Дама с розовыми губами сказала:
— Заткнитесь, придурки, вы что, не видите, как он испугался?
— Что тебе нужно, сынок?
— Пачку красного «Мальборо».
— Черт.
— Парень курит всерьез.
— Сколько тебе лет?
— Девять. Скоро будет десять… Это для моего дяди.
— А кто твой дядя?
— Дядя Чарли.
Раздался взрыв смеха.
— Ну, ты, пацан, даешь! — закричал мужчина. — Дядя Чарли — это круто!
Все снова расхохотались. Я подумал, что если всех смеющихся в мире собрать вместе, то смех звучал бы именно так.
— Да, точно, — сказал Стив. — Это племянник Чаза!
— Сын Рут?
— Да нет, второй сестры! Твою мать зовут Дороти, так?
Я кивнул.
— Как тебя зовут, сынок?
У Стива был роскошный голос. Теплый голос, в котором как будто перекатывались камушки.
— Джей Ар.
— Джей Ар? — Он искоса посмотрел на меня. — Что это значит? Как твое полное имя?
— Это и есть полное имя.
— Правда? — Подняв бровь, Стив взглянул на бармена. — Каждое имя что-то значит.
Мои глаза широко раскрылись. Я никогда об этом не задумывался.
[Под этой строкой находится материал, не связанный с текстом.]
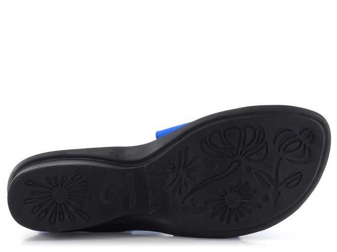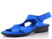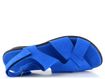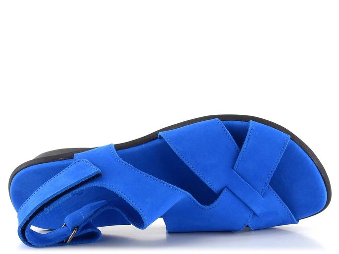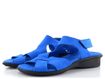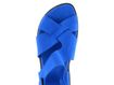 Dámské kožené sandálky v zářivě modré barvě s upínáním na suchý zip a nízkým klínkem.
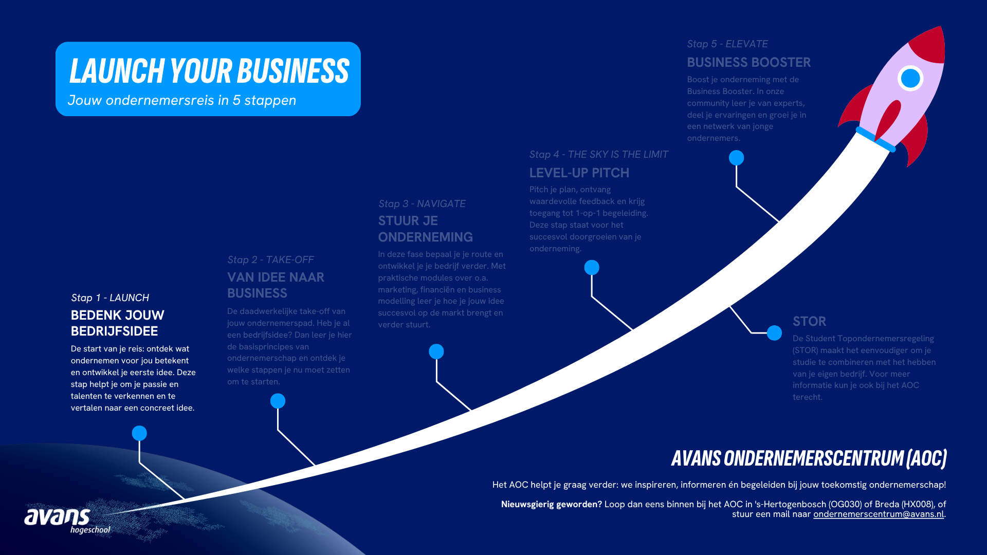 Het Avans Ondernemerscentrum (AOC) is er speciaal voor studenten van Avans die willen ondernemen of al een eigen bedrijf zijn gestart. Het AOC ondersteunt je bij elke stap van je ondernemersreis.
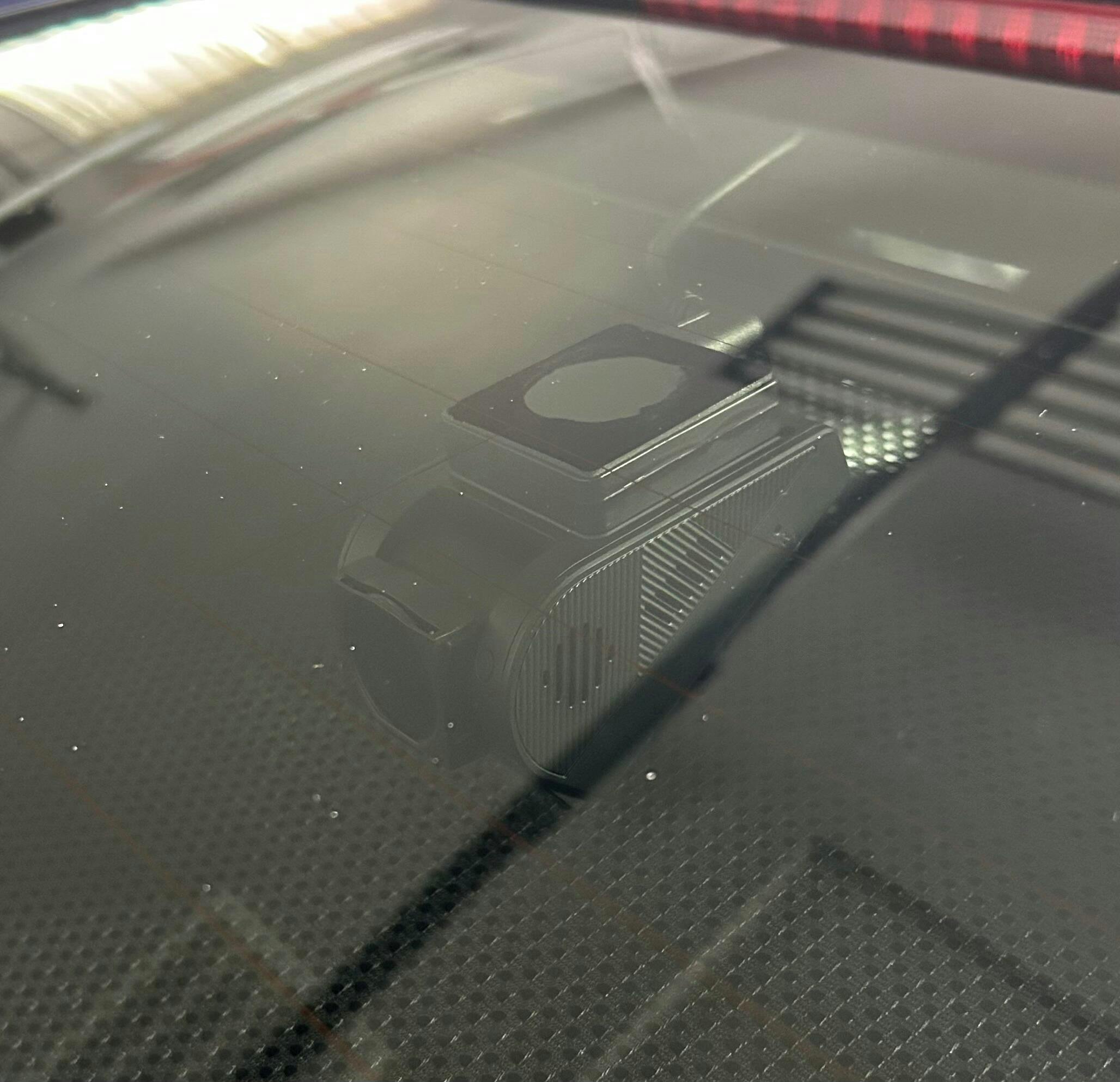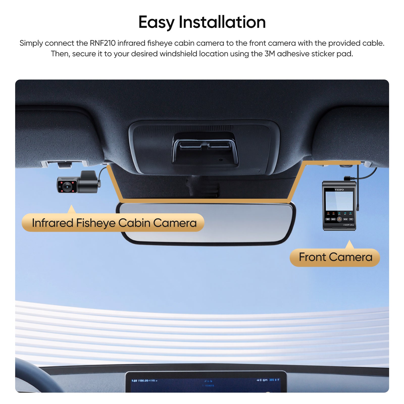 Simply connect the RNF210 infrared fisheye cabin camera to the front camera with the provided cable. Then, secure it to your desired windshield location using the 3M adhesive sticker pad.

— Тебе нужно придумать прозвище, если ты собираешься ходить в «Диккенс», — сказал Стив. — В следующий раз, когда придешь, подготовь прозвище, или нам придется самим его придумать.
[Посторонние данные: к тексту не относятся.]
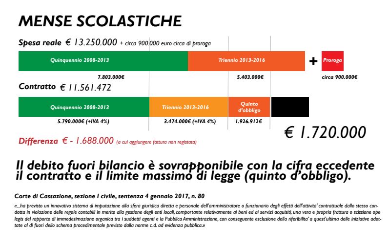 “Il caso del debito delle mense scolastiche è quanto mai, a nostro modo di vedere, riconducibile a questa fattispecie. Il contratto stipulato nel 2008 prevedeva un massimo dell’importo di 9.634.560 euro. Per legge la ripetizione dei servizi analoghi non può essere maggiore del 20% oltre all’importo dell’appalto (quinto d’obbligo). La cifra complessiva della spesa è stata di circa 13.250.000 euro, esclusa la proroga del 2017. In base ai dati che ci sono stati forniti quindi l’appalto è costato circa 1.688.000 mila euro in più rispetto al contratto, cifra quasi perfettamente sovrapponibile a quella di 1.723.000 euro (cifra indicata dall’amministrazione come debito fuori bilancio) se contiamo che manca una fattura non contabilizzata di cui abbiamo avuto notizia pochi giorni fa.
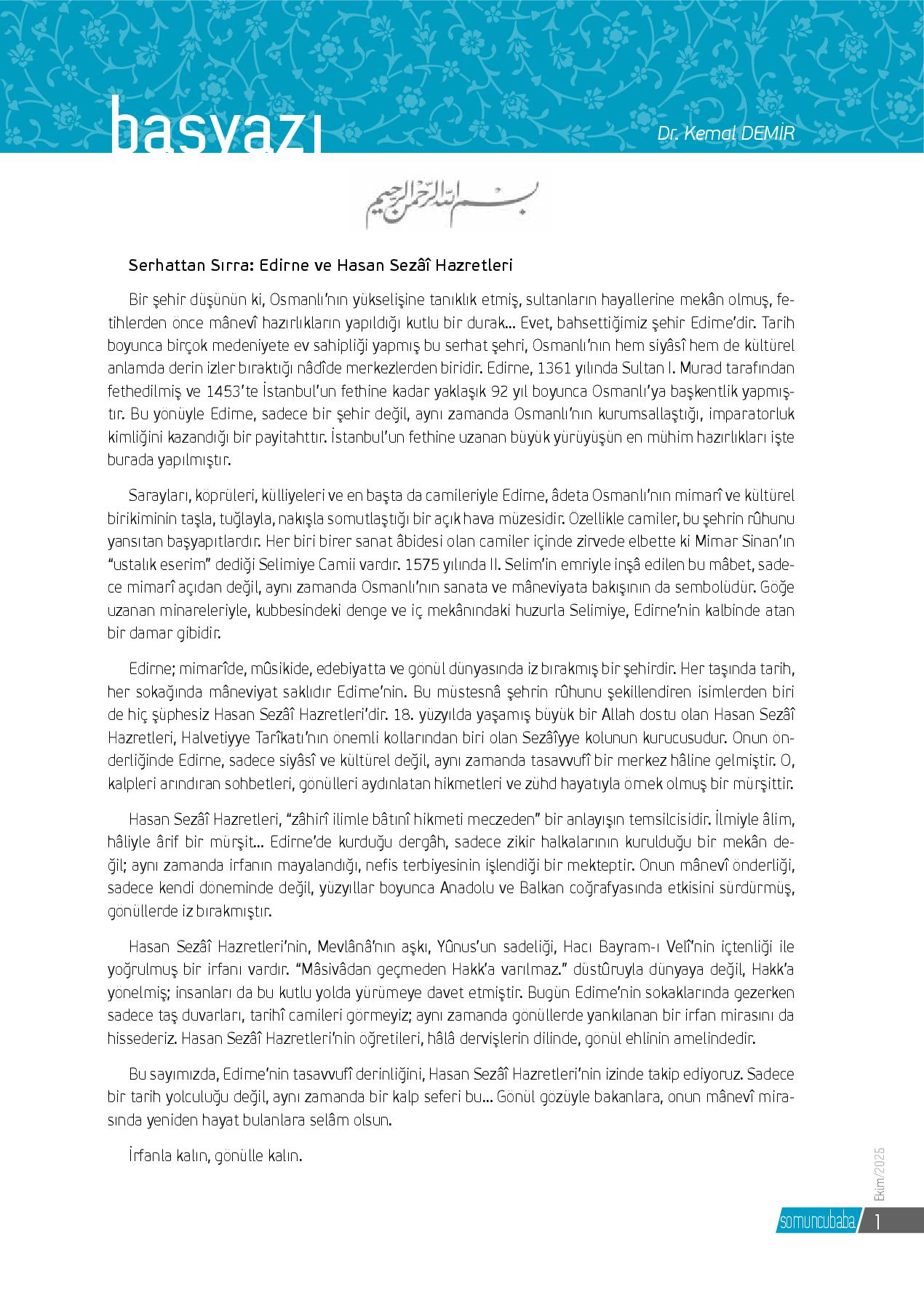 Serhattan Sırra: Edirne ve Hasan Sezâî Hazretleri

— Что ты читаешь? — спросила дама с розовыми губами.
Я протянул ей книгу.
— Мои… нудные биографии, — произнесла она.
— Это про известных мужчин, — сказал я.
— Я-то думал, это ты написала книгу о мужчинах, — обратился Стив к женщине. Та захихикала.
Бармен порылся под стойкой и достал пачку «Мальборо». Он протянул мне сигареты, и я сделал шаг вперед. Все наблюдали за тем, как я положил доллар на барную стойку, взял сигареты и медленно пошел назад.
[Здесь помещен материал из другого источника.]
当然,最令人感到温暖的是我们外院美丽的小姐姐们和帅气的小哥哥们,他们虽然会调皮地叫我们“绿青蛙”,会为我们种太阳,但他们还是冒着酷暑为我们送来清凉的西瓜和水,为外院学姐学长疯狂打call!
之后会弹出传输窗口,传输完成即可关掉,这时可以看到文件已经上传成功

— Заходи еще, пацан, — сказал Бобо.
Опять раздался взрыв хохота, за ним еще один. Смех был таким громким, что никто не услышал моего ответа.
— Я приду.
10
ЗАПАСНОЙ ЗАЩИТНИК
Тетя Рут сняла свое эмбарго приблизительно в то же время, когда арабы сняли свое. Мне снова было позволено навещать Макграу и двоюродных сестер. После школы я бежал по Пландом-роуд за Макграу, а потом мы неслись на Мемориальное поле играть в салки или к пруду ловить рыбу в безумном восторге оттого, что мы снова вместе. Но через несколько недель случилось нечто намного хуже эмбарго. Это было эмбарго, облава и похищение вместе взятые. Тетя Рут решила переехать с детьми в Аризону. Тетя небрежно сообщила нам новость, когда они с бабушкой пили кофе в кухне. Она сказала, что ее детям лучше будет «на западе». Горы. Синее небо. Там воздух как вино, а зимы похожи на весны.